After hours of running battles, including about 80 arrests and scores of people treated at ad hoc first-aid stations, word came that the ­fascists had turned back. The crowd was triumphant.

The Cable Street Mural, designed by Dave Binnington
The Cable Street Mural, designed by Dave Binnington, was painted in London’s East End in 1979-83. Photograph: Martin Godwin/the Guardian

The Merchant of Venice 1936 has been a sellout on tour. “We’re ­living in times that are incredibly divisive, with global players that want us to be against each other rather than standing together,” said Oberman. “Clearly the play’s message has touched a nerve. The feedback has been unbelievable and very moving.”

Dylan Schlosberg, the producer of Cable Street, the musical, also believes the story has resonance today. “When the English Defence League marched in London a few months ago, it was almost a replica scenario,” he said.

“Our audiences will be aware that antisemitism is rife today. What’s fascinating is that the East End has obviously a totally different makeup than it did in 1936. But there are the same tensions, the same fears, whether it be against Jews or immigrants and refugees.”

The show focuses on three young people and their families: a young British man who comes to London looking for work and gets embroiled with Mosley’s fascists, a Jew and an Irishman.

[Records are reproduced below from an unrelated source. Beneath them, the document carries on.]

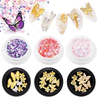 EBANKU 3 pcs Papillon Nail Art Strass + 3 pcs Manucure Papillon Paillettes,3D Alliage Papillon Arc Zircon Nail Gems, Acrylique Laser Autocollants Papillon Nail Art Manucure DIY Décoration
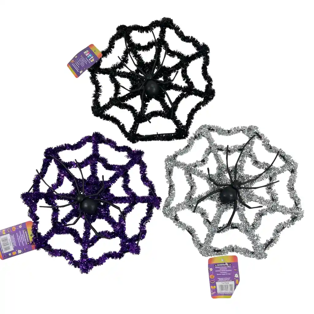 ¡Decora tu fiesta de Halloween con este tinsel con diseño de telaraña! Perfecto para colgar en paredes, ventanas, mesas o cualquier espacio que quieras llenar de espÃritu Halloweenesco y diversión temática. Diseño llamativo y espeluznanteCon telarañas en colores surtidos, este tinsel aporta un toque divertido y aterrador, ideal para fiestas, disfraces y decoración temática. Ligero y resistenteFabricado con material de buena calidad, ligero y fácil de colgar, manteniendo su forma y color durante toda la celebración. Beneficios Diseño temático de telaraña Colores surtidos para mayor diversión Material resistente y seguro Perfecto para decorar fiestas y espacios de Halloween Detalles técnicos Cantidad: 1 unidadMaterial: Tinsel/plásticoColores: SurtidosMedida: Estándar Haz que tu decoración de Halloween sea divertida y espeluznante! PÃdelo ahora y recÃbelo en la puerta de tu casa. •¸ï¸•·ï¸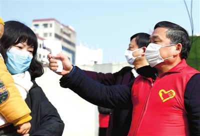 30日,咸宁日报社干部职工在夹皮沟职工小区对相关人员进行体温检测。为做好新型冠状病毒感染的肺炎疫情防控工作,连日来,我市各个部门围绕“内防传播 外防输入”目标,加强对本职工小区人员的登记和体温检测工作,同时对外来人员采取拉网排查方式,逐户进行入户走访,确保“不漏一户、不漏一人”,全力做好疫情防控。 咸宁日报全媒体记者 袁灿 摄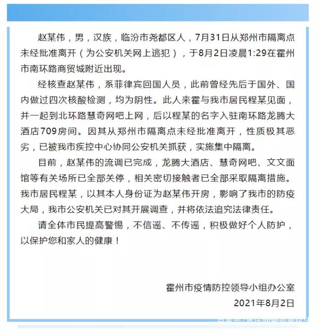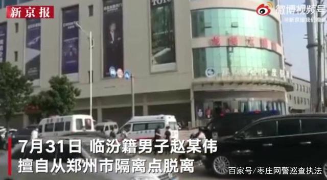 7月31日,山西临汾籍男子赵某伟擅自从河南郑州市隔离点脱离。8月2日,从山西临汾霍州市新冠肺炎疫情防控工作领导小组获悉,该男子为公安机关网上逃犯,系菲律宾回国人员,目前已被该市疾控中心协同公安机关抓获,实施集中隔离。霍州市公安机关已对其展开调查,并将依法追究法律责任。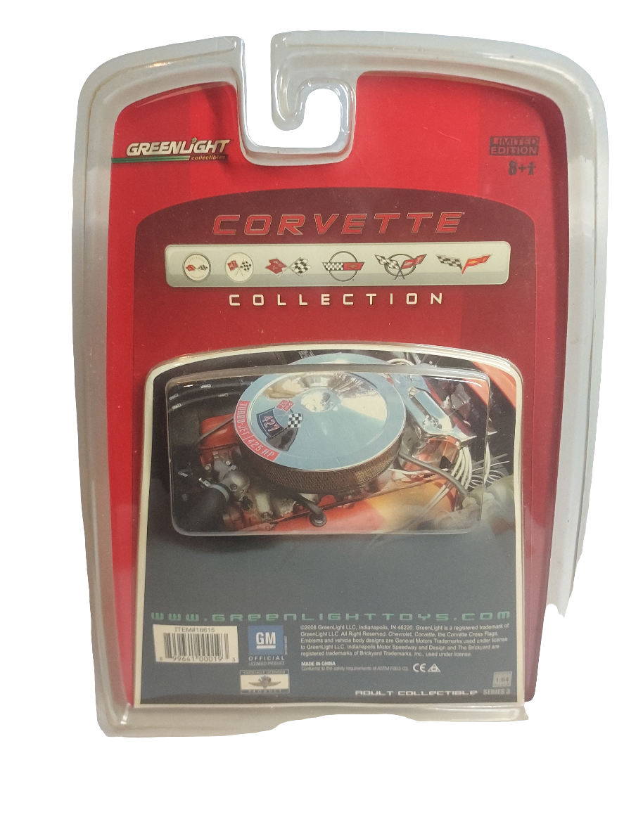 Es un coche de juguete a escala de la marca Greenlight, un modelo "1962 Corvette Racecar" de la colección Corvette. Este modelo es una réplica del Chevrolet Corvette de 1962, que fue el último año de la primera generación (C1) del Corvette.

The music, which includes rap and contemporary pop, provides additional emotion to the drama, said Schlosberg.

Yoav Segal, in a plaid shirt and with a close-cropped beard, sits in his studio with set drawings and a photo of his grandfather, Ubby Cowan
Yoav Segal, set designer for the new musical Cable Street, in his studio next to a photograph of his grandfather, Ubby Cowan. Photograph: Sophia Evans/the Observer

For Segal, the “rousing retelling” of the Cable Street story in the form of musical drama echoes the tales his grandfather told him about the battle and the need to “find your voice and stand up and do something when it matters”.

In a short film Segal made before his grandfather’s death, Cowan described the drama, noise and determination of the battle of Cable Street.

“We knew we’d be breaking the law, but we had no option. Sometimes you have to do the wrong thing to get the right thing done,” he said.

“If you stand up for what you believe in, you can make history.”

The Merchant of Venice 1936 opens at the Criterion, London, on 15 February. Cable St, the musical, opens at the Southwark Playhouse on 16 February.